ALBANY – Days after the Seneca Nation and Cuomo administration settled one thorny dispute, a new one arose Thursday with a top adviser of Gov. Andrew M. Cuomo saying he has “deep concern” about the tribe’s possible plan to open a gas station on the grounds of its Niagara Falls casino complex.
In a letter to Seneca President Robert Odawi Porter, Howard Glaser, director of state operations, said a request for proposal for an “upscale” convenience store and gas station on Niagara Street “has caused consternation among many local business and community leaders.”
In the letter – which Seneca officials said was sent to the media before Porter received it – Glaser wrote: “I am certain you are aware” that the compact signed a decade ago by the Seneca Nation and New York State called for allowing only commercial ventures on the site that are “traditionally associated” with a casino operation.
“Regardless of any complex legal issues, I share the community’s deep concern about the potential impact on small business that the potential Seneca operation may have,” Glaser wrote, “particularly in light of the fact that Niagara Falls has not received a dime from the Nation’s $600 million in annual casino revenues – tax-free income, which in turn would be used to create tax-free businesses to compete with existing small business owners who pay their fair share of state and local obligations.”
In a pointed response to Cuomo, the Seneca Nation president called on the governor to stop letting “subordinates mismanage” the state’s relations with the tribe.
Porter also called Glaser’s suggestion that the tribe cannot engage in such activities as a gas station at the Niagara Falls casino “revisionist bordering on the absurd.” Porter noted that casinos across the country offer a range of nongambling business activities, such as convenience stores, and that it is the responsibility of the Seneca Gaming Corp., as a for-profit enterprise, to look at ventures to benefit both its patrons and the company’s bottom line.
The Senecas already sell tax-free cigarettes and gasoline on reservation lands, and any gasoline station in Niagara Falls the tribe might build would presumably be tax-free, as well, thereby undercutting nearby non-Native American retailers.
The state and Seneca Nation have been at odds for several years now over the payment of revenue-sharing money from the tribe’s three Western New York casinos. The tribe owes more than $400 million to Albany, which in turn is supposed to share a portion of the funds with the local “host” communities of Niagara Falls, Buffalo and Salamanca. The tribe says the state has broken the terms of the casino compact by allowing new forms of gambling into its casino exclusivity zone in the region, a claim the state denies.
Niagara Falls is owed $58 million in casino revenue sharing payments for the past three years, a sum that is increasingly pinching the city’s finances.
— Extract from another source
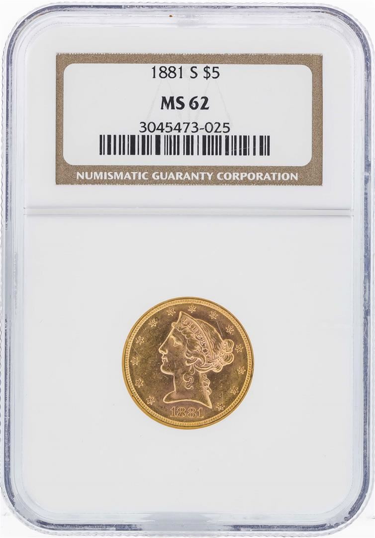 One 1881-S $5 Liberty Head Half Eagle Gold Coin NGC MS62. NGC Certified.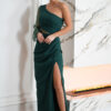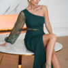 Odkryj wyrafinowaną elegancję w wyjątkowej sukni o asymetrycznym kroju, z subtelnym cekinowym rękawem na jedno ramie, dostępną w głębokim odcieniu butelkowej zieleni. Ta ekskluzywna kreacja łączy w sobie nowoczesny design z subtelnością detali. Wykonana z najwyższej jakości materiałów, zapewnia nie tylko olśniewający wygląd, ale również wygodę i swobodę ruchów. Ten niepowtarzalny strój stanowi idealny wybór na wyjątkowe okazje, podkreślając indywidualny styl i elegancję każdej kobiety

In his letter to Porter, Glaser urged settling another deal – which, he said, the Seneca leader had once accepted – to have the Seneca Nation pay what Niagara Falls is owed, with the amount being taken as a credit against its larger tab of more than $400 million.
Glaser wrote that Niagara Falls has been an “honorable” host to the Seneca Nation, which he said has grossed more than $4.5 billion from its casino.
Porter, however, said Glaser misrepresented where the tribe stood on paying the local share of casino revenue sharing. He said it was the Seneca Nation that first made the offer with the previous governor, David A. Paterson, but that the offer was rejected. Moreover, he said it is the state that has the “fiduciary obligation” to protect the local governments that Albany insisted be a part of the original casino deal a decade ago.
“It amazes me that the State of New York – with a $133 billion annual budget – cannot find it within its means to support its own citizens and their local governments by fronting a few million dollars to insulate them from the economic impact of the state’s breach of our gaming compact,” Porter wrote Cuomo. Porter also called on the administration to end its “media diplomacy” in dealing with the Senecas and to meet personally with Seneca leaders.
The latest disagreement between the Senecas and the state comes after Monday’s settlement of a feud that had stalled a 12-mile road rehabilitation project along the Southern Tier Expressway on the tribe’s Allegany reservation.